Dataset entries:
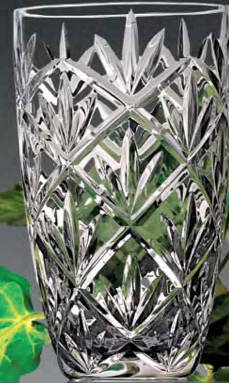
VA 531 - M 190 mm
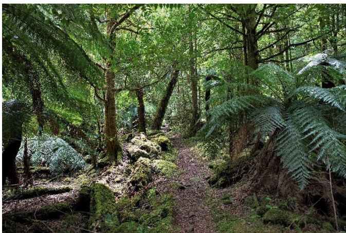
The track follows the route of the old Frodshams track here.
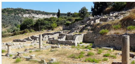
Eleftherna © Olaf Tausch
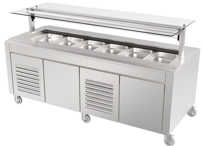
Showing : Inline GN Series Mobile refrigerated 6x 1/1 pans, fitted with flat self-serve gantry (option) and GN pans (accessories)
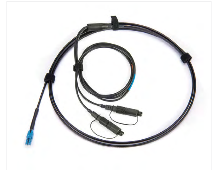
Dual OptiTap to Uniboot LC Duplex
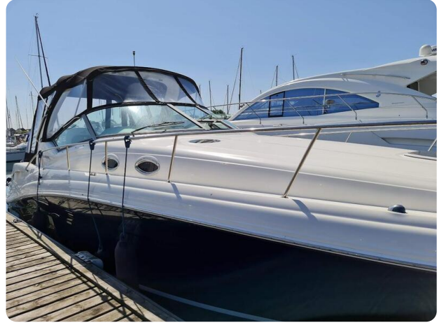
Sea Ray 375 Sundancer Twin Diesel
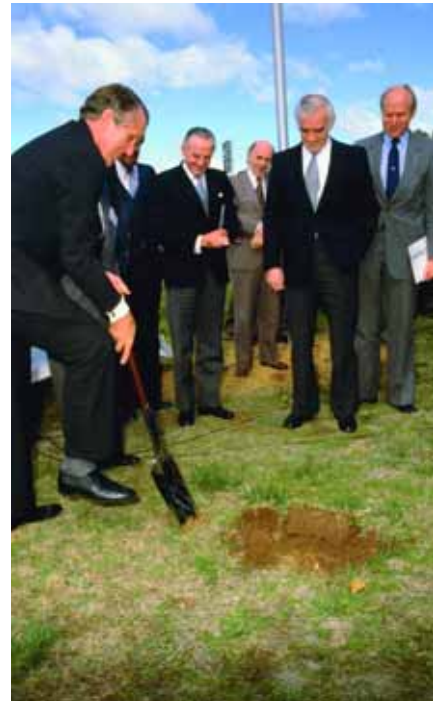
“This building is beyond the fashion of a certain moment in time.”

Giurgola is stung by criticism from some quarters that the symmetry of Parliament House makes it the last
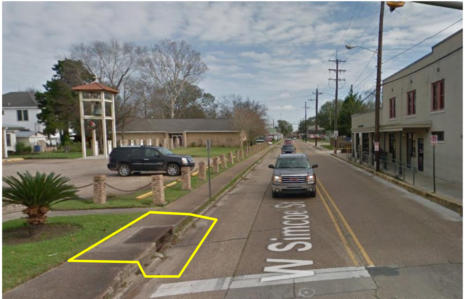
Simcoe at St. John
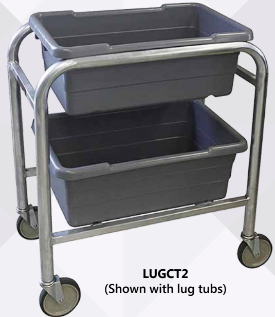
LUGCT2 (Shown with lug tubs)
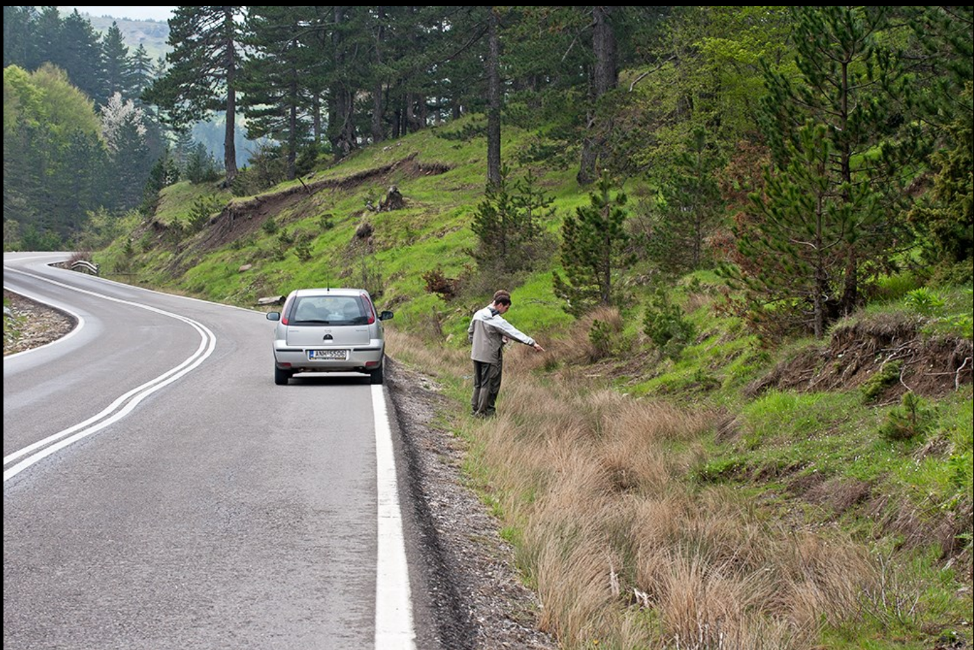
We discovered a ditch full of newts and frogs just aside the road.
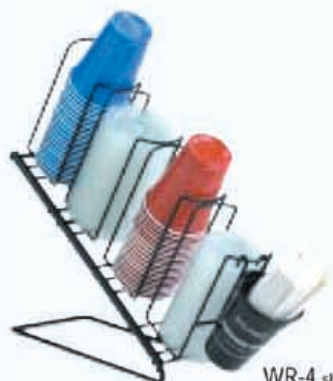
WR-4 shown with WR-STAND & WR-STRAW
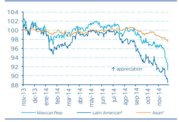
Figure 6 Currencies vs. USD (22 Nov 2013 index=100)

* JP Morgan indices of Latin American and Asian currencies vs. USD; weighted averages by trade & liquidity.
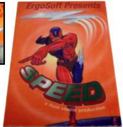
Countermatte 20 x 30 cm
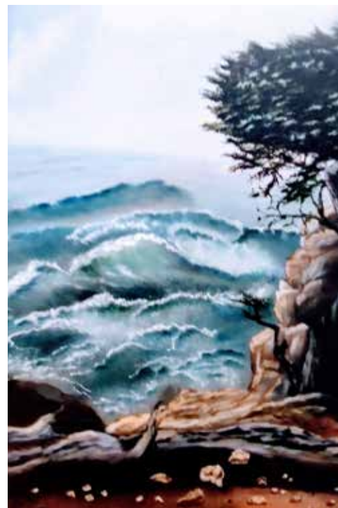
Oil - California Dreaming
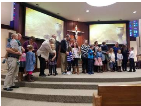
Above: Our Second Grade Students
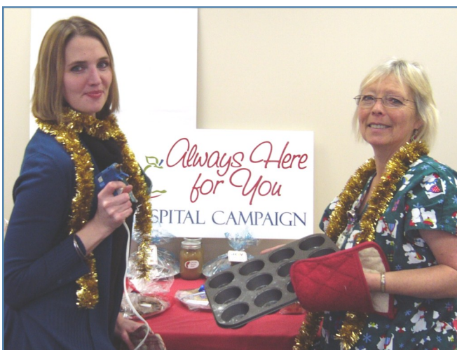
Hospital staff join in with fundraising activities with their 2-Day Bake and Craft Sale. The concept worked well given the shift work at the hospital. We await the next venture!

How does a delay like this affect us at the Campaign? Actually, not much at all because we still have to proceed and accumulate commitments to the
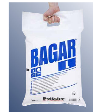
PE bag – with handle on request

HAVER & BOECKER INTEGRA® LIFFS® – the economically and ecologically perfect solution – from production to consumption.
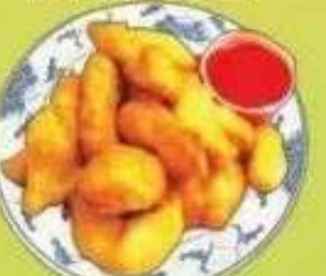
(P14) Sweet & Sour Chicken

ASSIGNED TASK:
From the records above, output only the lines starting at the one containing "Oil - California Dreaming" and ending at the one containing "Hospital staff join", word for word. Pictures stay out.

EXPECTED ANSWER:
Oil - California Dreaming
Above: Our Second Grade Students
Hospital staff join in with fundraising activities with their 2-Day Bake and Craft Sale. The concept worked well given the shift work at the hospital. We await the next venture!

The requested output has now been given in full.